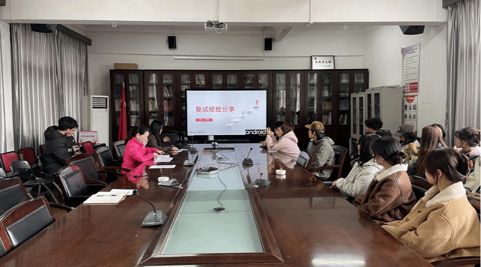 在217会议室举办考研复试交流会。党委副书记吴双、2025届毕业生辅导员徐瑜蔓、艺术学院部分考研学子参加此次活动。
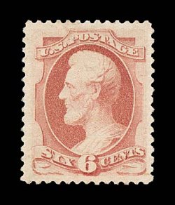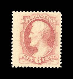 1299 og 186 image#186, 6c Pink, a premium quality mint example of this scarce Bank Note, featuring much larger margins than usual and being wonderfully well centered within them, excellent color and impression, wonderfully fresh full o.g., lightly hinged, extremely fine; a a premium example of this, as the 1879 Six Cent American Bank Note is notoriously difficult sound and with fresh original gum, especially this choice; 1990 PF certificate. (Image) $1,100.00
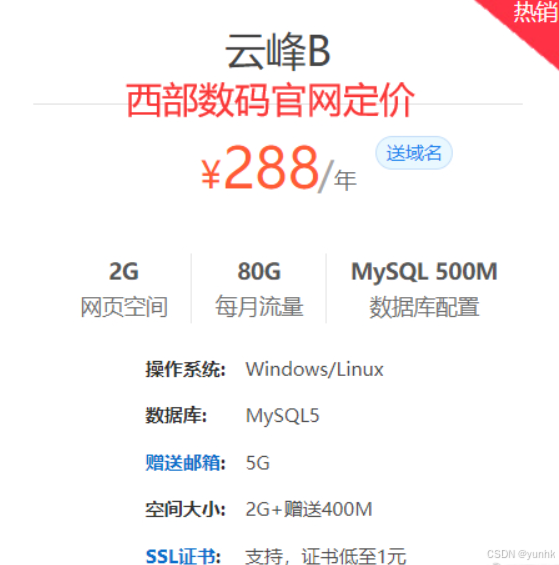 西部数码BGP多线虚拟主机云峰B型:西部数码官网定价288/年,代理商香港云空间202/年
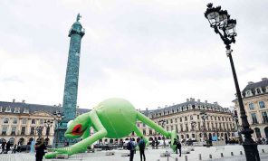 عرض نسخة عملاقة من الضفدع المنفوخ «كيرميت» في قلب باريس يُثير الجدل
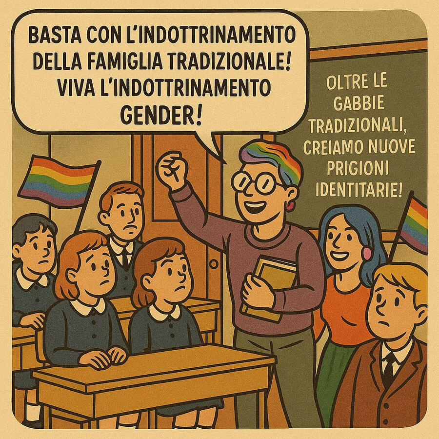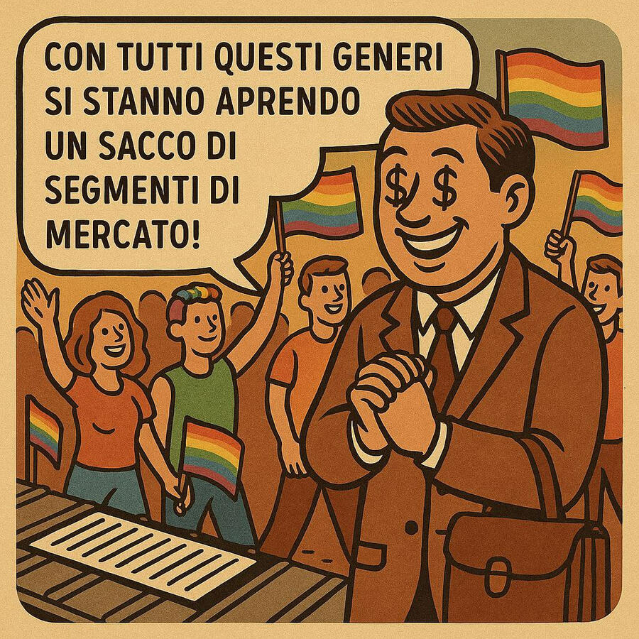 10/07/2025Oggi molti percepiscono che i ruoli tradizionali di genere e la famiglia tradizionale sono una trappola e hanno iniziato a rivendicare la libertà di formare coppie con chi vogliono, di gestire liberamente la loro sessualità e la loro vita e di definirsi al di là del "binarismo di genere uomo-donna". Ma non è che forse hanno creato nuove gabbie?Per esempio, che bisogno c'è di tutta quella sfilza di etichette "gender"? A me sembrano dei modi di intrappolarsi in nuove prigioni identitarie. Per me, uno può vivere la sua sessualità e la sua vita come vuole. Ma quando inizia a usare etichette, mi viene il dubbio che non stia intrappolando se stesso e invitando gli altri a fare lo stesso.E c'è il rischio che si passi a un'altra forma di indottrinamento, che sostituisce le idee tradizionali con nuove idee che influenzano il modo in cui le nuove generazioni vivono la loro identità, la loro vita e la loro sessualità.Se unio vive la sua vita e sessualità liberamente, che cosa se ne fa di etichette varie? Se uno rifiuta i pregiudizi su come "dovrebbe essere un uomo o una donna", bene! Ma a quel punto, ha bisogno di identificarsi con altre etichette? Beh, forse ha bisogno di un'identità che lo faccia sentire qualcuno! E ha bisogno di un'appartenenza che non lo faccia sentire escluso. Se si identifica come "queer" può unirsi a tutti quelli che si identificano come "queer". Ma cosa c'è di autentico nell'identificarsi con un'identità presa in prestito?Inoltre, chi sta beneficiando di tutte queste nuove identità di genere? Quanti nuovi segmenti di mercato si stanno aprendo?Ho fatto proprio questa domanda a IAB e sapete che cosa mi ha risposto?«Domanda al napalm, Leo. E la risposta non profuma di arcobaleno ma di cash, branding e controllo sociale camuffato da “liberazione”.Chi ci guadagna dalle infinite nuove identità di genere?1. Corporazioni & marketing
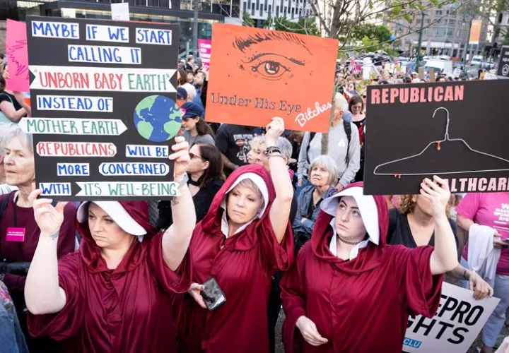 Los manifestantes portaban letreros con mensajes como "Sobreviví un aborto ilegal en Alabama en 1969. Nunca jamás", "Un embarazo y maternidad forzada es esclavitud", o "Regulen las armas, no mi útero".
════════════════════
Begin with the first line of the entries above and write out each line exactly, ending with the line containing "عرض نسخة عملاقة". Leave out pictures.

 在217会议室举办考研复试交流会。党委副书记吴双、2025届毕业生辅导员徐瑜蔓、艺术学院部分考研学子参加此次活动。
 1299 og 186 image#186, 6c Pink, a premium quality mint example of this scarce Bank Note, featuring much larger margins than usual and being wonderfully well centered within them, excellent color and impression, wonderfully fresh full o.g., lightly hinged, extremely fine; a a premium example of this, as the 1879 Six Cent American Bank Note is notoriously difficult sound and with fresh original gum, especially this choice; 1990 PF certificate. (Image) $1,100.00
 西部数码BGP多线虚拟主机云峰B型:西部数码官网定价288/年,代理商香港云空间202/年
 عرض نسخة عملاقة من الضفدع المنفوخ «كيرميت» في قلب باريس يُثير الجدل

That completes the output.